Tolerances and what to expect¶
| Quantity | Tolerance | Notes |
|---|---|---|
| Item severities \(\beta\) | \(2 \times 10^{-4}\) | Limited by finite-precision \(\gamma_r\) summation; worst case is country 4 (β spread ≈ 6 units). |
| Person parameters \(\theta\) | \(10^{-2}\) | \(\beta\) noise propagates through the score-equation inversion. |
| Equating scale & shift | \(10^{-3}\) | |
| Common-items mask | exact match | All 4 countries flag the same items as unique. |
| Adjusted thresholds | \(5 \times 10^{-4}\) | |
| Prevalence rates | \(5 \times 10^{-3}\) (= 0.5 pp) | Empirically ≤ 0.3 pp on all 4 countries. |
n.compl (R) ↔ n_complete_non_extreme (pyFIES) |
exact |
Identification convention¶
RM.weights does not strictly enforce a sum-to-zero identification on
\(\beta\) — the iterative algorithm leaves a residual offset of order
\(10^{-5}\). pyFIES enforces sum-to-zero exactly. The conditional likelihood
is invariant under a uniform \(\beta\) shift, so both answers are the same
MLE up to the identification constant. The parity tests subtract mean(R β)

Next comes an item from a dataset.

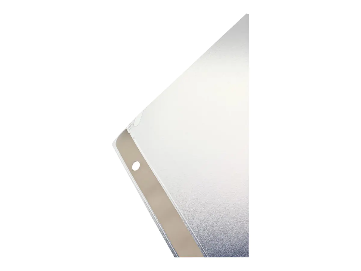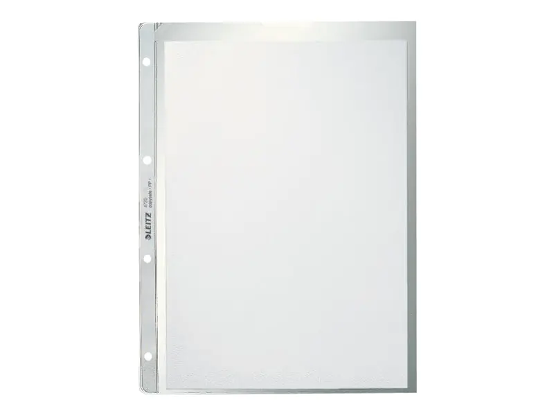Stabil und reißfest, mit Greifausschnitt links oben und Einreißschutz an der linken unteren Ecke, mit durchgehend gelochtem Oberteil.

from R's reported \(\beta\) before comparison.
When parity could break¶
- Item severities with very wide spread (say > 6 units between most and least severe items) push the elementary symmetric function recursion closer to floating-point precision limits. The 2e-4 tolerance accommodates this; if a real dataset shows wider spread, expect somewhat larger pyFIES-vs-R differences (still well within research reporting precision).
- Optimizer convergence: pyFIES uses SciPy's L-BFGS-B with
gtol=1e-8. If you tighten or loosenRaschModel(tol=...)you may move modestly closer to or further from R.
Sample dataset summary¶
| Country | n | Complete non-extreme | Unique items (vs. global standard) |
|---|---|---|---|
| 1 | 1000 | 423 | WORRIED, HEALTHY |
| 2 | 1000 | 505 | FEWFOOD, SKIPPED |
| 3 | 1008 | 734 | HUNGRY |
| 4 | 1000 | 597 | WORRIED |
These are anonymized Gallup World Poll datasets from the Voices of the
Hungry project, distributed inside RM.weights and used here only as
reference numerical fixtures.